The easiest way to manipulate the new composite volume's file system is from the appliance itself. Alternatively, you can create a simple filer appliance -- e.g., by branching LUX and doing the same lvm/mdraid instrumentation -- so that you can manage the volumes from there. The best approach is to leave two multi-volume slots -- src1,src2,src3,src4 and dst1,dst2,dst3,dst4 -- this will allow you to use the filer appliance to copy files between such composite volumes (and, as a result, be able to resize by creating a new volume set and copying the files from the old). For some ideas, see http://doc.3tera.net/AppLogic23/CatFilerLinux.html -- you don't really need anything nearly as functional -- just the src/dst slots and ssh access. Think of it as a physical server with two arrays of removable disks.

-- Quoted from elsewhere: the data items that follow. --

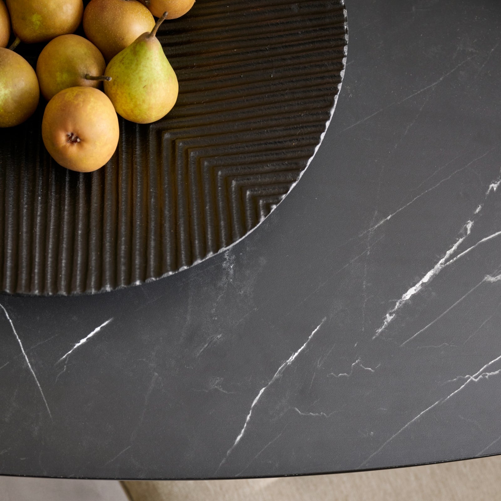 Salontafel Nyborg Lille is een elegante aanvulling op jouw interieur. Het organische design met een blad in zwarte marmerlook straalt zowel verfijning als moderniteit uit. Het blad is vervaardigd van MDF en afgewerkt met een HPL-finish in een zwart marmerpatroon. Deze afwerking is niet alleen mooi om te zien, maar ook zeer kras- en slijtvast. De slanke, schuine poten geven de tafel een strakke look. Omdat de onderkant van het blad, net als de poten, zwart is, heeft salontafel Nyborg Lille een gemakkelijk te combineren uitstraling. Perfect om je kopje koffie, tijdschriften of een mooie vaas bloemen op te plaatsen, maar vooral zeer stijlvol!- afmeting 75x44 cm en 38 cm hoog
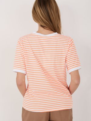 Το γυναικείο T-shirt με ρίγες είναι μια κλασική πρόταση σε casual στυλ, ιδανική για καθημερινή χρήση. Το διαχρονικό σχέδιο του δίνει έναν καθολικό χαρακτήρα, κάνοντάς το ιδανικό για πολλές εμφανίσεις, τόσο με τζιν όσο και με φούστα ή σορτσάκι. Το μοντέλο έχει κανονικό μήκος με κοντό μανίκι και στρογγυλή λαιμόκοψη, παρέχοντας άνεση και ελευθερία κινήσεων. Κατασκευασμένο από μαλακό, αεράτο βαμβάκι, είναι ευχάριστο για το δέρμα και αποδίδει εξαιρετικά κατά τη διάρκεια της καθημερινής χρήσης. Είναι ένα βασικό στοιχείο της γκαρνταρόμπας που συνδυάζει άνεση με απλή, κομψή εμφάνιση.
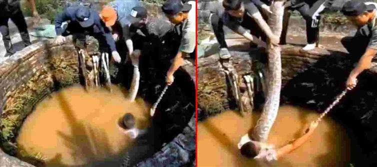 విషయం ఏమిటంటే, ఓ వ్యక్తి బావిలో నుంచి కొండచిలువలను బయటి తీయడం సర్వత్రా హాట్ టాపిక్ గా మారింది. ఏం జరిగిందో ఏమో తెలీదు గానీ... రెండు భారీ కొండచిలువలు ప్రమాదవశాత్తు ఓ బావిలో చిక్కుపోయి, బయటికి రాలేక నానాతంటాలు పడుతున్నాయి. కాగా బావిలో వింత శబ్ధాలను గమనించిన స్థానికులు అక్కడ గుమికూడారు. చివరకు అంతా కలిసి వాటిని రక్షించేందుకు సిద్ధమయ్యారు. ఈ క్రమంలోనే వారిలో ఓ వ్యక్తి బావిలోకి దిగి, నీటిలో మునిగిపోయిన కొండచిలువను వెతకడం స్టార్ట్ చేశాడు.
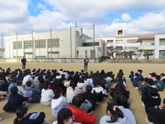今回は児童にはいつ発生するかは事前に知らせずに休憩時間におこないました。
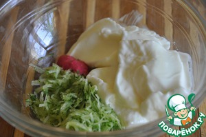 Для соуса трем на мелкой терке половинку огурца, добавляем йогурт и полчайной ложки хрена. Хорошо перемешиваем и убираем в холодильник, достаем уже к подаче. Соус получается очень вкусным, не сомневайтесь в составляющих)

Let me know if any questions and please do post your results here. You can PM me or Jessie if you want to set up a webex and work out the details.
Regards,
-- Peter
enovikoff
06-06-2008, 01:12 PM
The other alternative to getting more bandwidth to storage is finding a way to use less of it :) We often find that our customers have configured either their applications or their databases to execute more queries than they actually need, or run inefficient queries. Even if you double your I/O performance using the technique above, it won't solve issues where you're using 10 or 100 times as much bandwidth as you may actually need to run your app. My experience is that MySQL performance is also very susceptible to adjustments in its parameters. This is why we tend to use PostGreSQL whenever possible, which requires less configuration to run efficiently.
Another possibility which we have succeeded with is to supplement in-grid storage with an external NAS. By assigning your database to a unique server (separate from your web server) you can get the full frontside network bandwidth available for file operations.